*** Opening Study material ***

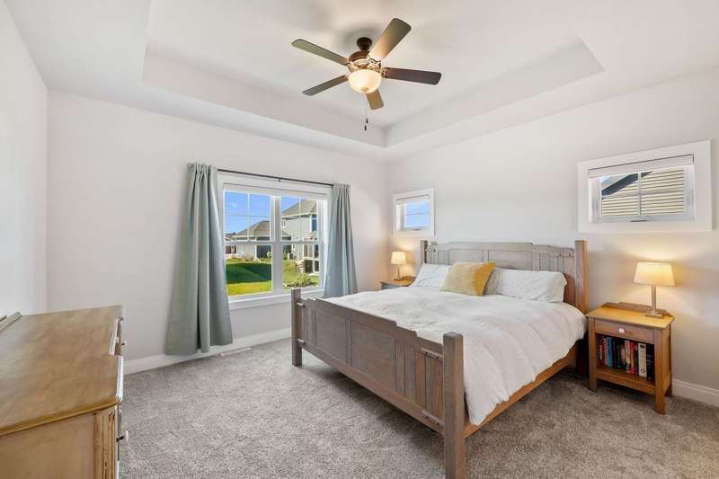 IMAGINE LIVING HERE! This stunning 4 bed, 3 bath ranch offers a perfect blend of luxury and efficiency. The bright living room with luxury vinyl plank floors and a gas fireplace flows seamlessly into the kitchen with stainless steel appliances and a central island. The primary suite offers an ensuite bath and walk-in closet, while 2 more bedrooms, a full bath, and main-level laundry complete the level. The finished walkout lower level adds space to relax, play, or work, with a family room, 4th bedroom, gym, and full bath. Outside, a maintenance-free deck and pergola overlook a meticulously maintained fenced yard, creating a private retreat. With a 3-car garage and fully paid solar panels, this home is designed for upscale, sustainable living. Don't wait, make this dream home yours today!
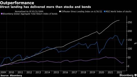 A gauge of US direct lending, which accounts for roughly half of private credit assets, rose 2.3% in the first half of this year as stocks and bonds suffered double-digit declines.
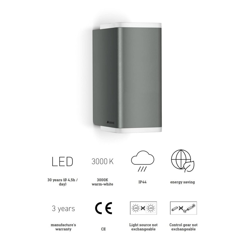 Steinel Steinel Wandleuchte L 930 Anthrazit, Up-/Downlight, 9.3 W LED Au?enleuchte, 3000 K warmwei?e Wandlampe, Aluminium
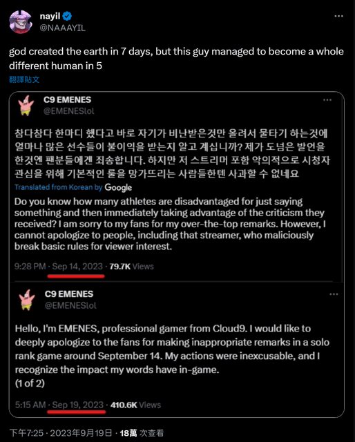 哈囉,我是 C9 的職業選手 EMENES。對於我在 9/14 一場 SoloQ 中發表的不當言論,我
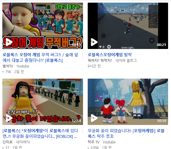 오징어 게임은 청소년 관람 불가임에도 불구하고 그 인기에 힘입어 로블록스 게임에도 등장 했습니다.
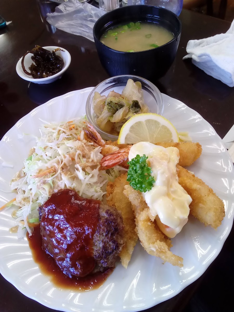 The menu at Kitchen Cafe Mint is a treasure trove of flavors, with a standout item that has captured the hearts—and appetites—of many: the エビフライとハンバーグ (Shrimp Fry and Hamburger). Picture this: a succulent shrimp fry, expertly prepared, boasting a juicy interior and a light, crispy exterior that practically beckons you to indulge. Accompanying this heavenly dish is a hamburger that evokes memories of home-cooked meals—comforting, flavorful, and generously sized.
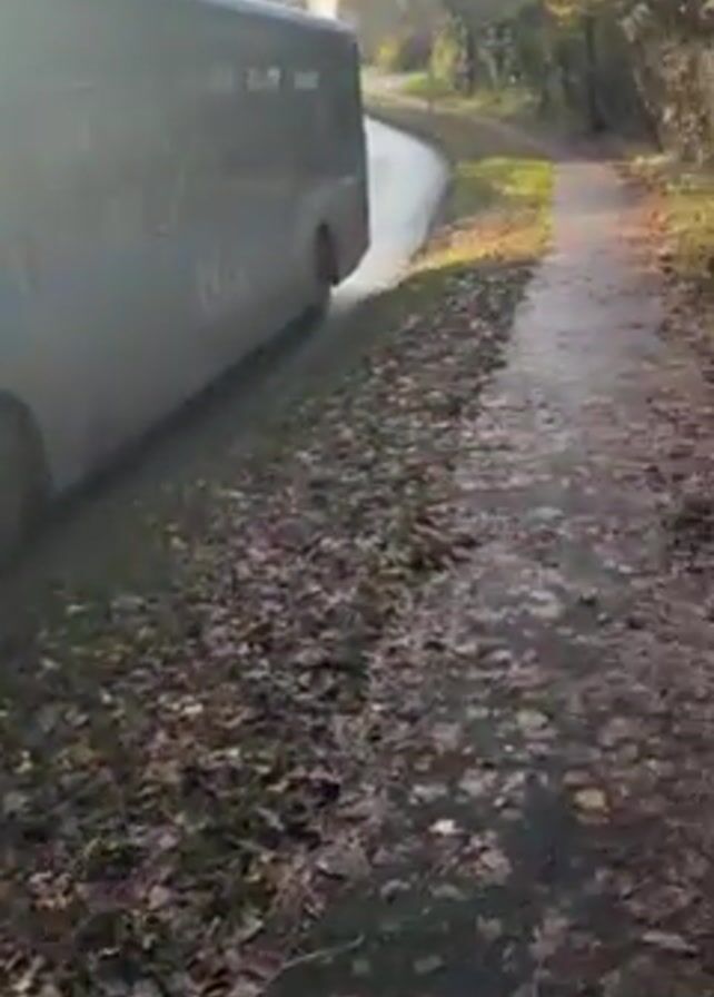 The video begins with a blue bus labeled "Ruthe Circular H" driving on a narrow road next to a wooded area
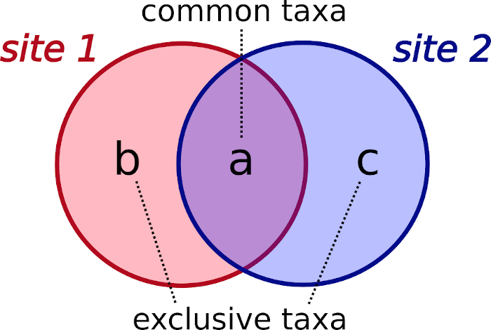 - a: number of common taxa of both sites.
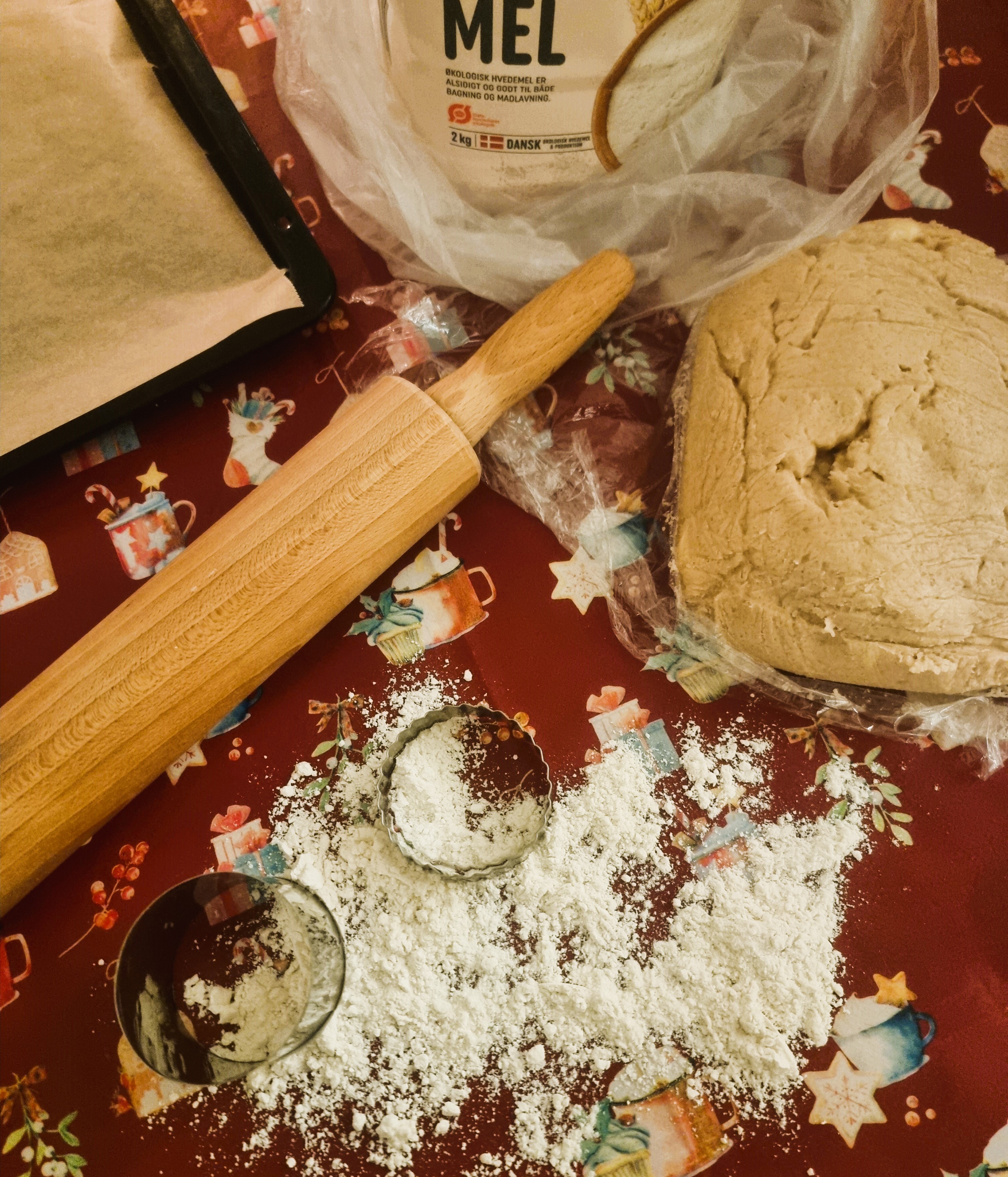 Det var en spændende dej at sammensætte, måske pga. vinen – men dejen var også ret klistret og svær at arbejde med, så jeg endte med at tilsætte lidt mere mel, da den skulle rulles ud, da det ellers virkede ret umuligt. Små kager blev udstukket og bagt og efter at være ‘bagt lyse’ i ovnen blev de drysset med sukker eller kanel.

*** Closing Study material ***

__Exercise brief__
Starting at the line above that contains "Steinel Steinel Wandleuchte", transcribe every line exactly through the line that contains "- a: number of common taxa of both sites.", including that last one, and skip the pictures.

__Answer to this exercise__
 Steinel Steinel Wandleuchte L 930 Anthrazit, Up-/Downlight, 9.3 W LED Au?enleuchte, 3000 K warmwei?e Wandlampe, Aluminium
 哈囉,我是 C9 的職業選手 EMENES。對於我在 9/14 一場 SoloQ 中發表的不當言論,我
 오징어 게임은 청소년 관람 불가임에도 불구하고 그 인기에 힘입어 로블록스 게임에도 등장 했습니다.
 The menu at Kitchen Cafe Mint is a treasure trove of flavors, with a standout item that has captured the hearts—and appetites—of many: the エビフライとハンバーグ (Shrimp Fry and Hamburger). Picture this: a succulent shrimp fry, expertly prepared, boasting a juicy interior and a light, crispy exterior that practically beckons you to indulge. Accompanying this heavenly dish is a hamburger that evokes memories of home-cooked meals—comforting, flavorful, and generously sized.
 The video begins with a blue bus labeled "Ruthe Circular H" driving on a narrow road next to a wooded area
 - a: number of common taxa of both sites.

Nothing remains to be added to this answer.